Dans la seconde partie, j’ai tenté de revenir sur la manière dont les tiers-lieux ont été inventés. Il est apparu qu’ils ont émergé dans un contexte structurel propre à de nombreuses situations révolutionnaires. Ceux que l’historien nomme « les intellectuels aliénés » ressurgissent, une population ayant suivi de longues études, espérant par cette voie obtenir une bonne position, et confrontée à un marché des emplois fermé, ou se détournant des emplois proposés. Cette situation qui apparaît aussi bien dans l’Angleterre du xvie siècle, la France prérévolutionnaire, la Russie de 1917 qu’au Printemps arabe de 2011 donne généralement lieu à une sorte de radicalisation idéologique. La frustration et les ressentiments conduisant à contester intellectuellement et politiquement l’ordre établi. Un prolétariat intellectuel qui cherche à renverser sa condition, qui met toute son ambition dans cette quête, sans recherche de pouvoir ou posture d’opposition, mais conduisant à la construction d’un socle de sens commun. Cette population éduquée et sans emploi génère des formules de construction communautaire inspirées des pratiques à l’œuvre dans le cyberespace. Les tiers-lieux sont leur milieu de production et de vie, et c’est à travers eux que toute une population s’essaie à une redéfinition des formes d’association et des règles communes qui régissent les organisations ;

La troisième partie tente de revenir sur la logique de la liberté propre au libéralisme, et décortique en écho les règles qui régissent les tiers-lieux. La gestion des informations apparaît ici être le principal vecteur d’harmonisation et de confiance entre des centres de pouvoir distribué. Les tiers-lieux se développent suivant un processus permettant au plus grand nombre de bénéficier des mêmes ressources. C’est à partir de ces ressources mutualisées que chaque individu est en capacité de poursuivre ses intérêts personnels. L’agencement réglementé des relations et des divers intérêts individuels permet de déboucher sur des modèles de création entrepreneuriale largement éloignés du schéma directeur des start-up.

Enfin, la quatrième et dernière partie revient sur les deux figures qui m’ont semblé essentielles dans les tiers-lieux. Le concierge tout d’abord, car il est l’hôte du tiers-lieu et en assure par là même sa stabilité. Puis, seconde figure, celui qui s’extrait de la communauté pour exercer une forme particulière de leadership et qui, bien souvent, permet aux projets de tiers-lieux ou projets collectifs dans les tiers-lieux de voir le jour.

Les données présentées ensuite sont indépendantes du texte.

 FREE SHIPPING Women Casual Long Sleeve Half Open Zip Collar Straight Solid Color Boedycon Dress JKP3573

Individu charismatique, il s’apparente à un « dictateur bienveillant ».

 

Mon intention, par cet ouvrage, est de démontrer que la multiplication de tiers-lieux est une nécessité pour les territoires et pour les générations à venir. En suivant quelques règles issues de l’expérience des pionniers, ils deviennent un milieu de création et de vie pour sortir de l’indigence, et outrepasser la violence des foules qui frémit un peu partout. Ce n’est pas magique, ce n’est pas parfait, mais cela existe. Dans le contexte actuel, c’est déjà une grande réussite !

 

[1]. Le coworking, « travail coopératif » ou encore « cotravail », est un type d’organisation du travail qui regroupe deux notions : un espace de travail partagé, mais aussi un réseau de travailleurs encourageant l’échange et l’ouverture.

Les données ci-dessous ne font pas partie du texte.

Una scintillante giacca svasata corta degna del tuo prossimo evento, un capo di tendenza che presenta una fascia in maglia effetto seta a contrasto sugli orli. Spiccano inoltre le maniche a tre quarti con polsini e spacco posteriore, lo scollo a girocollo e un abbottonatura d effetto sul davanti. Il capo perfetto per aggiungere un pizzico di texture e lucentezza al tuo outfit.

[2]. Ray Oldenburg, The Great Good Places : Cafes, Coffee Shops, Community Centers, General Stores, Bars, Hangouts, and How They Get You through the Day. Paragon House, 1989.

[3]. Un makerspace(aussi mentionné comme hacklabou hackerspace) est un espace de travail, un laboratoire communautaire ouvert où des gens avec un intérêt commun (souvent autour de l’informatique, de la technologie, de l’usinage, des sciences, des arts…) peuvent se rencontrer, collaborer, partager ressources et savoir.

[4]. Un fab lab(contraction de l’anglais fabricationlaboratory, « laboratoire de fabrication ») est un lieu ouvert au public où sont mis à sa disposition toutes sortes d’outils, notamment des machines-outils pilotées par ordinateur, pour la conception et la réalisation d’objets.